> Assigned task
Output exactly the lines of the listing below that run from the line with "Η Αστυνομία πραγματοποίησε" through the line with "The Raid Essentials". No pictures.
────
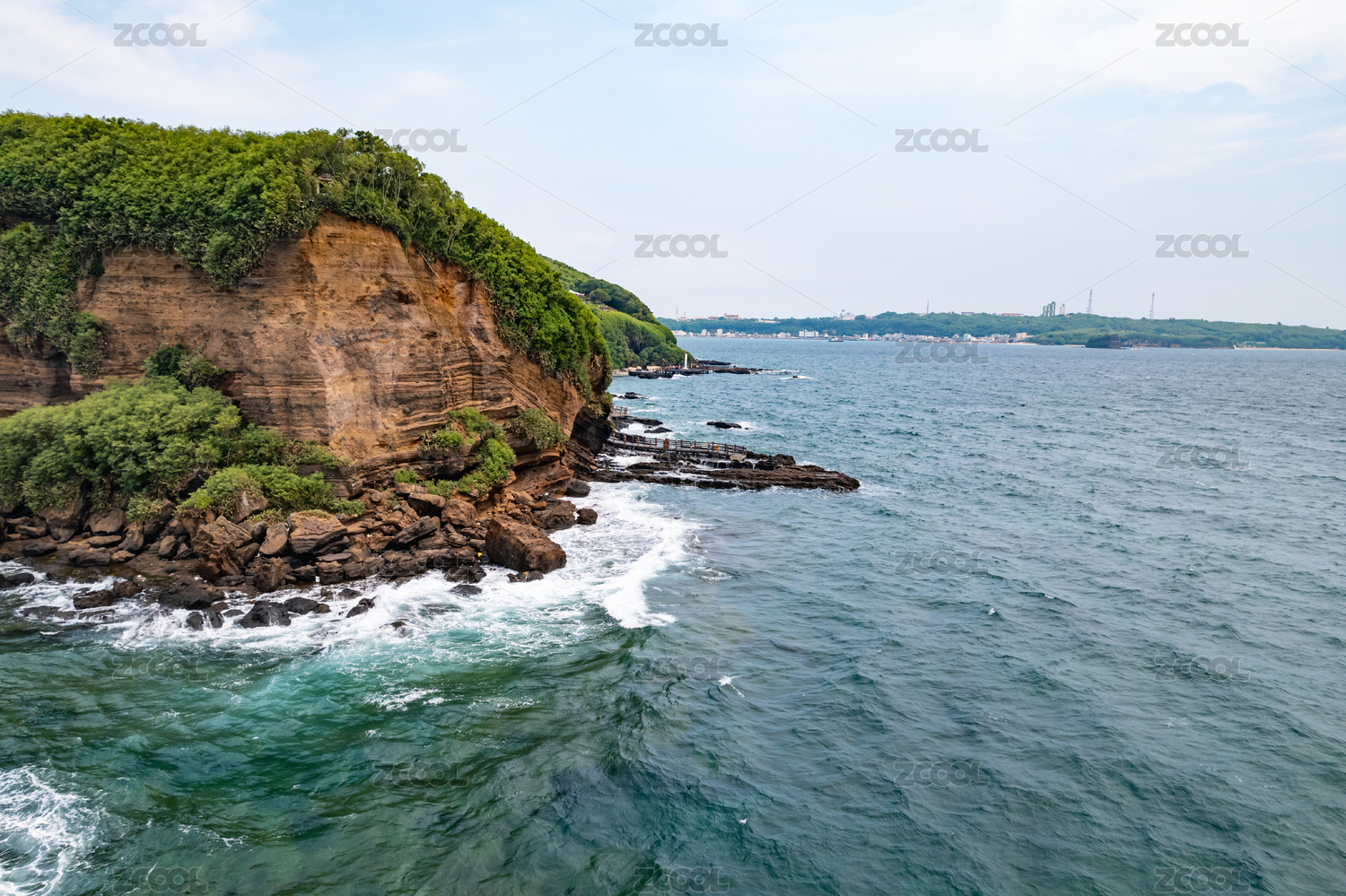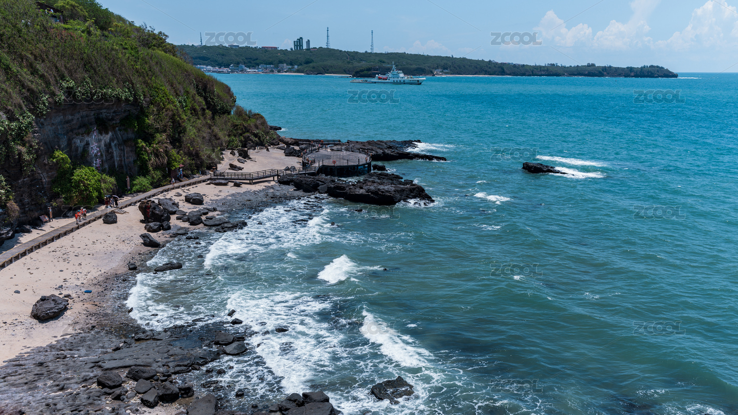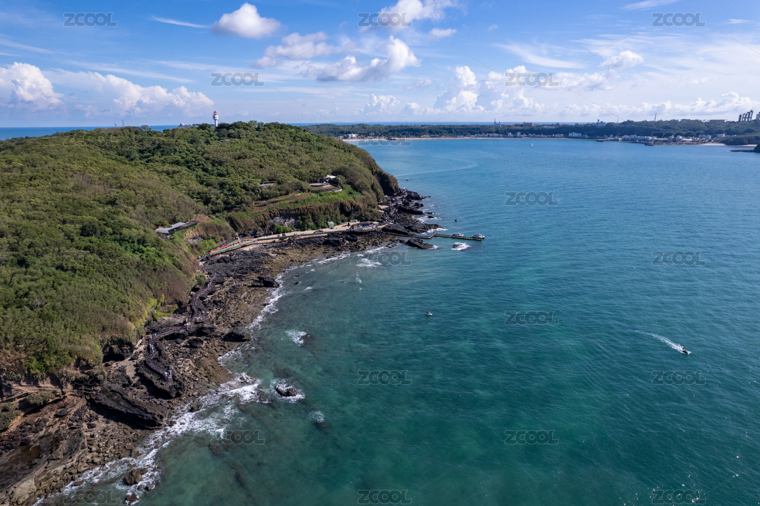 中国广西北海市洲岛鳄鱼山景区木栈道航拍
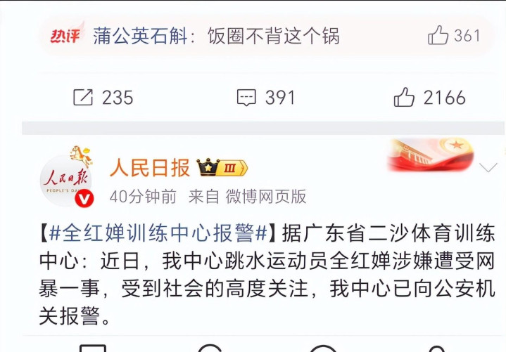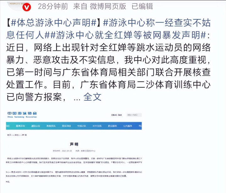 2026 年 4 月 8 日,全红婵所属的广东省二沙体育训练中心率先发布声明,明确表示已就此事正式向公安机关报案,坚决追究网暴者的法律责任。
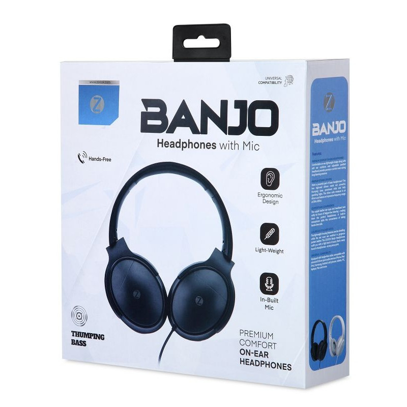 Micro Casque Filaire ZOOOK Banjo - Connectivité : filaire / extra bass, coussinets d'oreille super doux noir / Taille du pilote : 40 mm / Réponse en fréquence : 20Hz - 20 KHz / Sensibilité : 102±3dB / Capacité de gestion de puissance : 100 mW / Longueur du cable : 1.2 m / Connecteur : 3.5 mm - Couleur : Noir
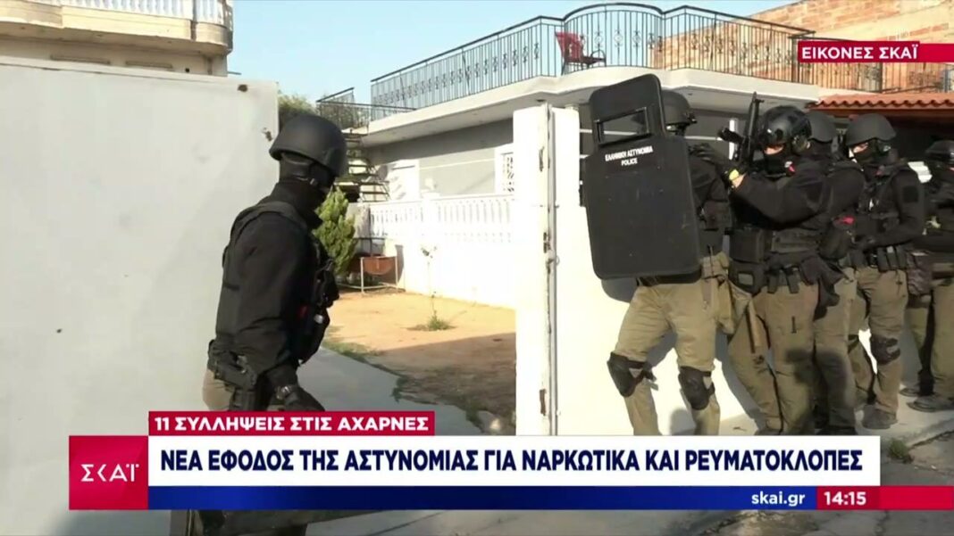 Η Αστυνομία πραγματοποίησε συντονισμένη επιχείρηση στις Αχαρνές, στοχεύοντας σε υποθέσεις ναρκωτικών και ρευματοκλοπών. Στο πλαίσιο της επιχείρησης, συνελήφθησαν 11 άτομα, ενώ κατασχέθηκαν σημαντικές ποσότητες ναρκωτικών ουσιών και ηλεκτρικών συσκευών που είχαν κλαπεί.
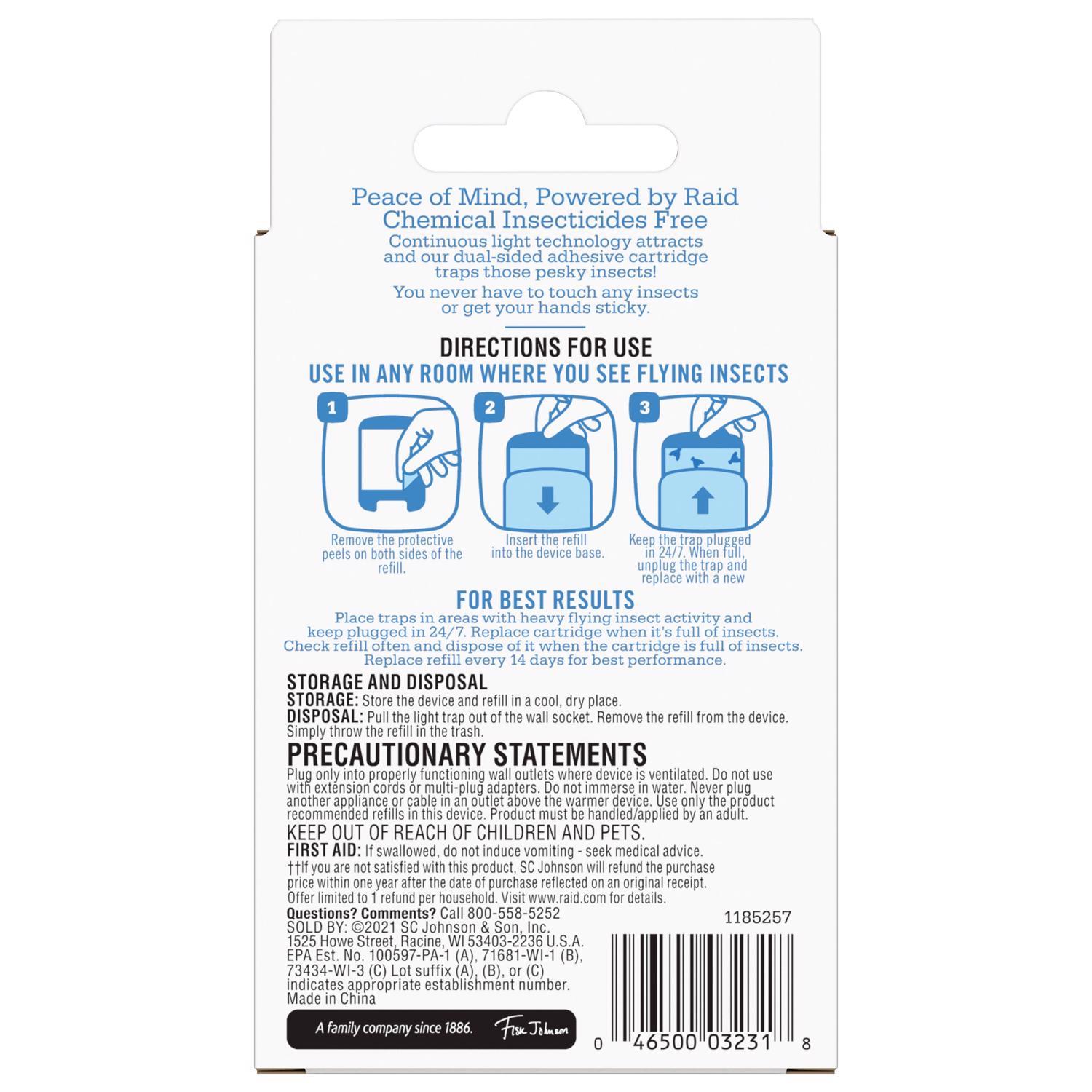 The Raid Essentials Light Trap harnesses continuous light technology to attract flying pests without the use of chemical insecticides. Once attracted, flying insects are trapped by an adhesive backing hidden by our Essentials Shield.
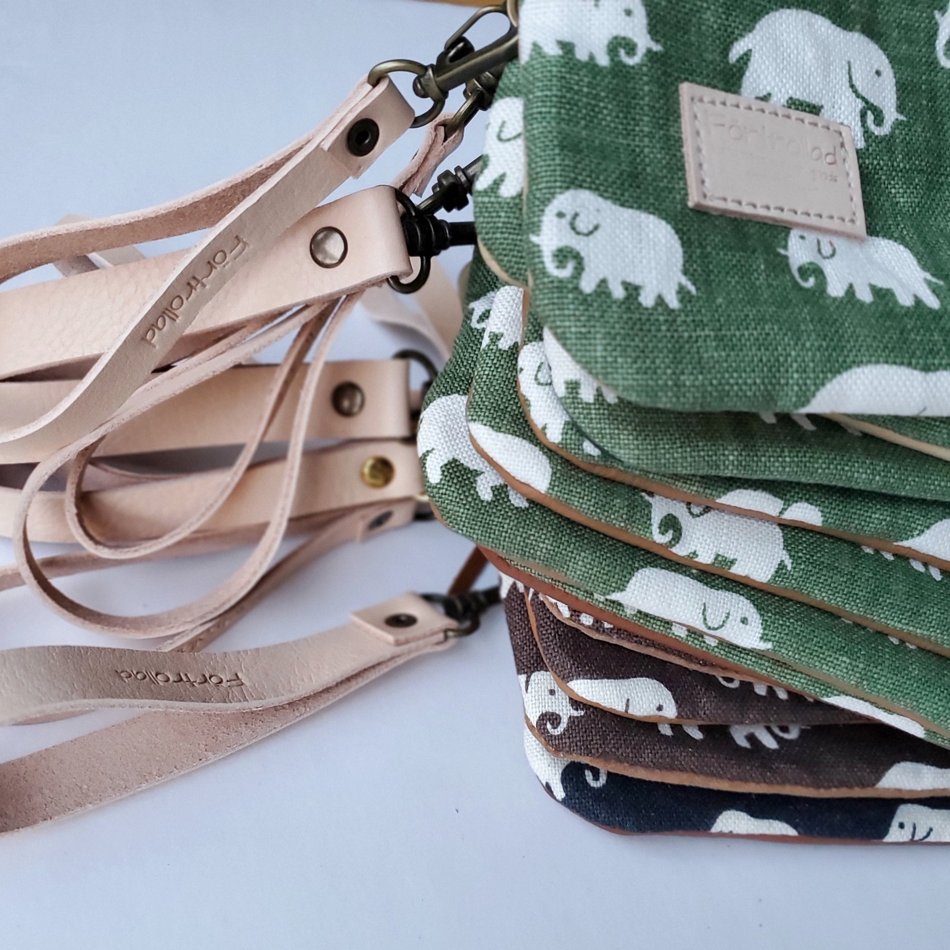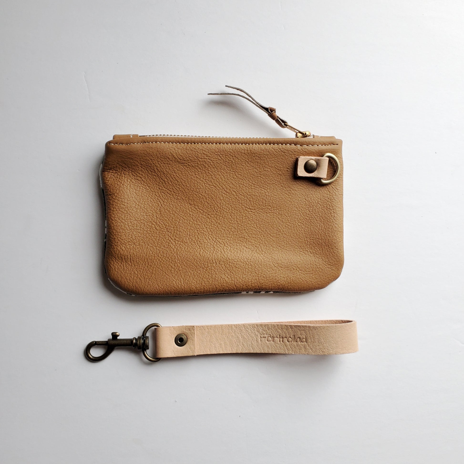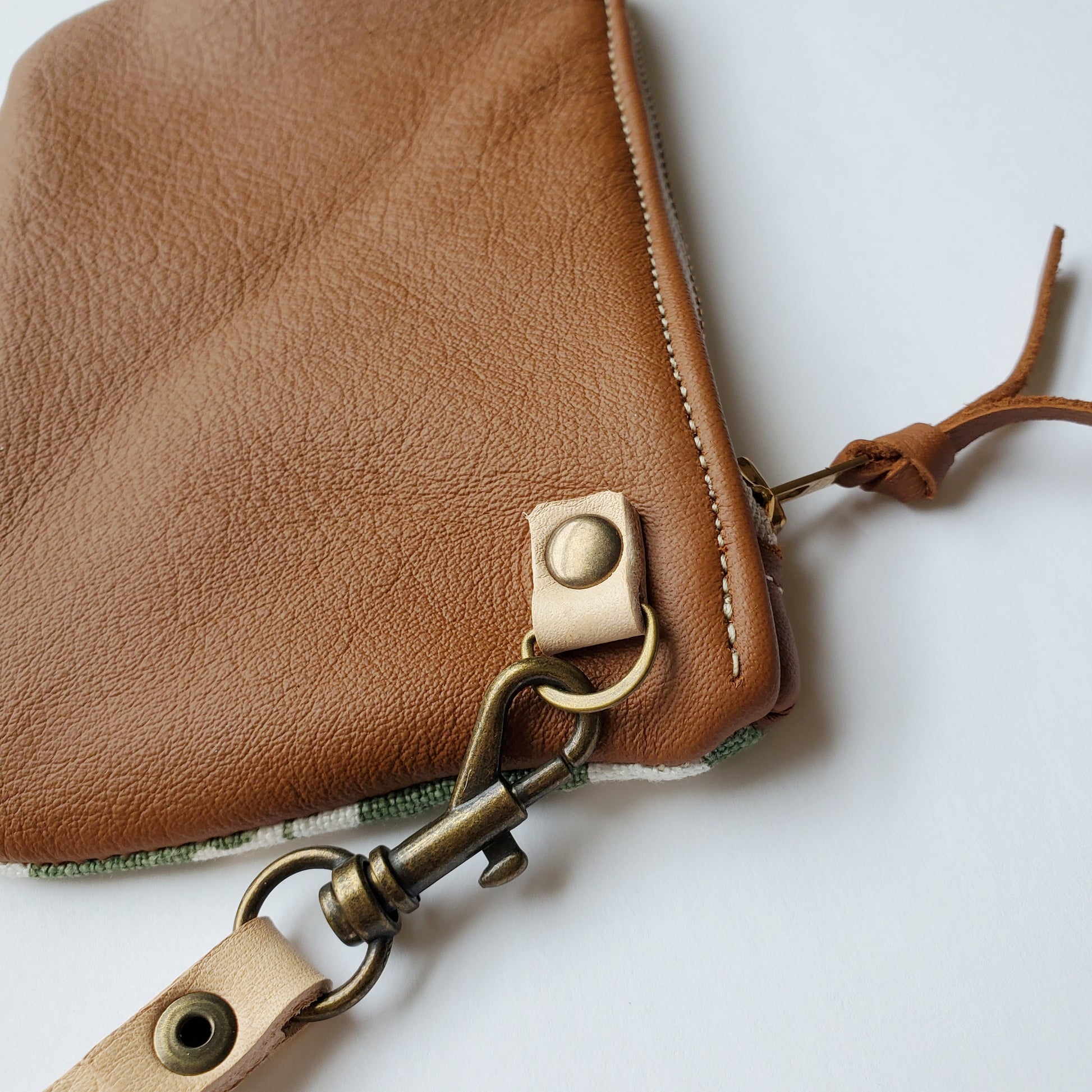 Made from surplus leather, repurposed denim (lining) and Swedish designer linen by Estrid Ericsson. The buttery wrist strap is 100% vegetable tanned leather.
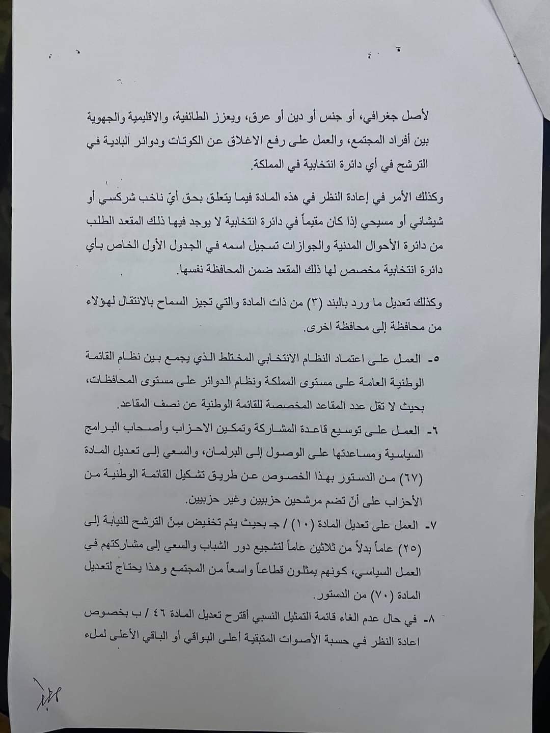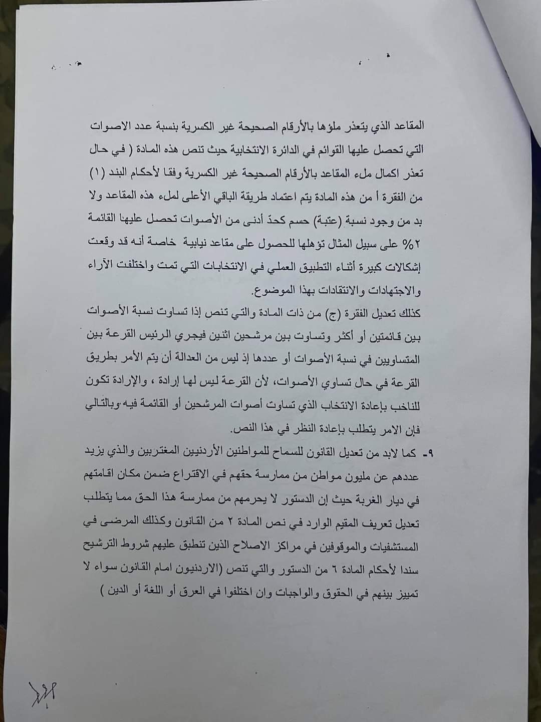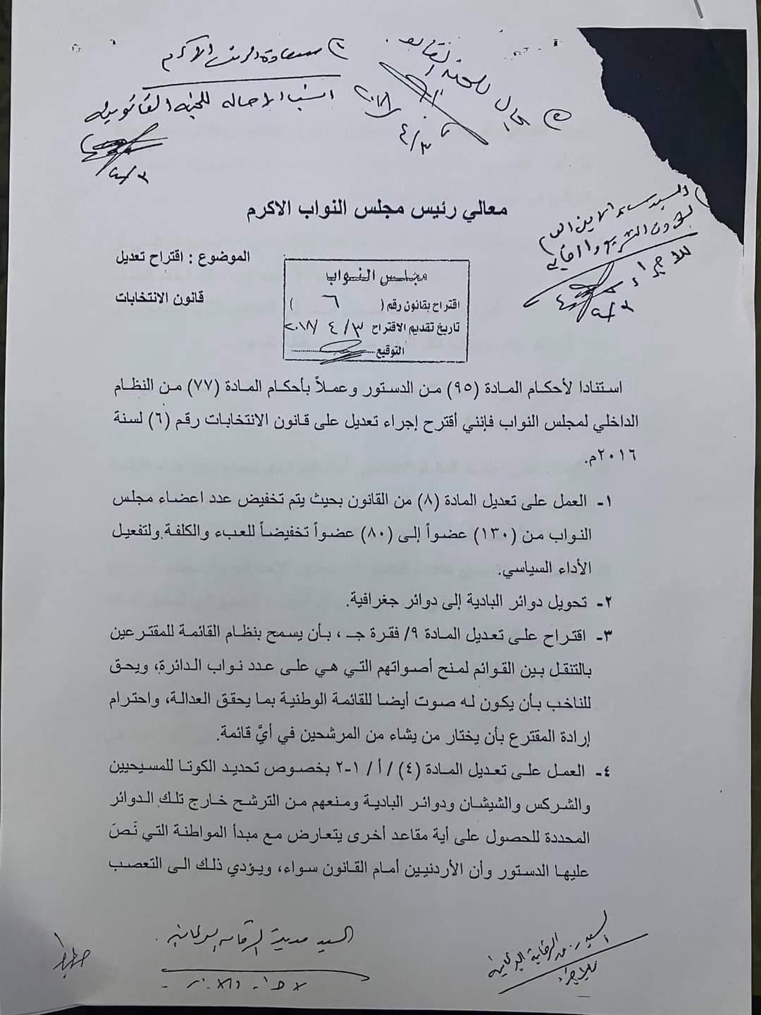 تقدمت كتلة الإصلاح النيابية بمشروع قانون الإنتخابات بتاريخ ٣-٤-٢٠١٨ وأحيل الى اللجنة القانونية لدراسته إستنادا لأحكام المادة (٩٥ )من الدستور وقد أرسل نسخة منه الى حكومة الرئيس عمر الرزاز آنذاك وقد ورد رد على المشروع تبني الحكومة لهذا المشروع.
────
> Answer area
 Η Αστυνομία πραγματοποίησε συντονισμένη επιχείρηση στις Αχαρνές, στοχεύοντας σε υποθέσεις ναρκωτικών και ρευματοκλοπών. Στο πλαίσιο της επιχείρησης, συνελήφθησαν 11 άτομα, ενώ κατασχέθηκαν σημαντικές ποσότητες ναρκωτικών ουσιών και ηλεκτρικών συσκευών που είχαν κλαπεί.
 The Raid Essentials Light Trap harnesses continuous light technology to attract flying pests without the use of chemical insecticides. Once attracted, flying insects are trapped by an adhesive backing hidden by our Essentials Shield.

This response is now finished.